I’ve found that 5-weight and 6-weight rods best suit me for white bass, but use whatever size rod you feel most comfortable with for a day of continuous casting. Most often in the early spring or at spawning time, all that’s needed is a reel equipped with a fast-sinking line such as a Type 4 high-density line or a lead-core LC-13 or tungsten T-8 shooting-head system. You might also bring an outfit rigged with an intermediate line, just in case you locate a concentration of fish on a shallow, grassy flat, but in most instances, a fast-sinking line will adequately cover all situations. The only difference in rod and line choice when fishing postspawn white bass is having two rods rigged as I earlier mentioned, one with a fast-sinking line and one with a floating line for poppers.

When choosing flies for white bass, just remember that they eat minnows almost exclusively, which calls for streamer patterns. Clousers and Blondes have served me well. Also, two-tone marabou streamers have produced a lot of fish. I believe a prerequisite is some kind of flash-tail pattern with side flash to help catch the whites’ attention. As for the surface, almost any small popper should work, but Crease Flies and Gurglers are easy choices for me. I also believe that having flies in a variety of colors is a requirement, because white bass will show a color preference from one day to the next. Yellow, bright green, olive, chartreuse, blue, and hot pink are proven colors.

The only additional advice I can offer for flies is that when fishing the river, go small.
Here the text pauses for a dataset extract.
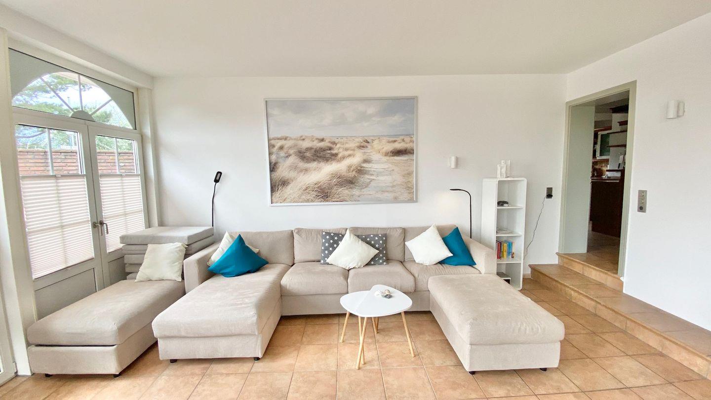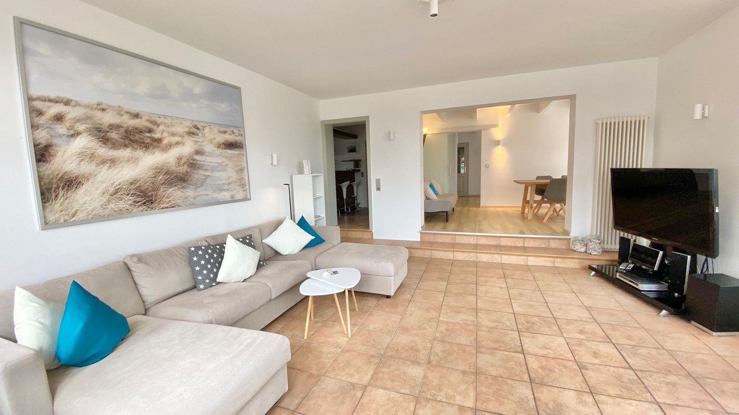 Das lichtdurchflutete Wohnzimmer mit TV-Ecke

By small, I mean flies in size 6 to 10, whereas in the lake, I use flies tied on size 1 and 2 hooks. For reasons known only to them, whites usually shy away from larger flies in the crystal-clear waters of the river. Imagine — a fish with numbers in the thousands, a schooling fish, usually a willing biter and whose fight when hooked is strong and far exceeds what you would expect from a species its size. White bass are a strikingly beautiful fish that act like pay-per-view cage brawlers once hooked. Give them a try!               


If You Go…

Lake Nacimiento is located a short drive off Highway 101. If traveling south on 101 from the Bay Area, take exit 252, Jolon Road. Turn right onto G18, then almost immediately left onto G-19. Nacimiento Lake is 12 miles farther on G-19. If traveling north on Highway 101 from the Los Angeles region, take the exit into Paso Robles, than G-14 for 17 miles to Lake Nacimiento. Distances to Nacimiento from major cities are 210 miles from San Francisco, 225 miles from Los Angeles, and 130 miles from Fresno.

Fly fishers planning on more than a one-day stay should contact Lake Nacimiento Resort. They offer six campgrounds, as well as rental condos, trailers, and boat rentals. They can be contacted at (800) 323-3839 and www.nacimientoresort.com.

If you plan on keeping white bass to eat, be aware that they must be killed immediately upon being landed. The Department of Fish and Game does not want whites taken from Nacimiento alive. There is no limit for white bass, and they are delicious on the table. The DFG does issue a health warning, however, saying the whites contain high levels of mercury and could be hazardous to a person’s health.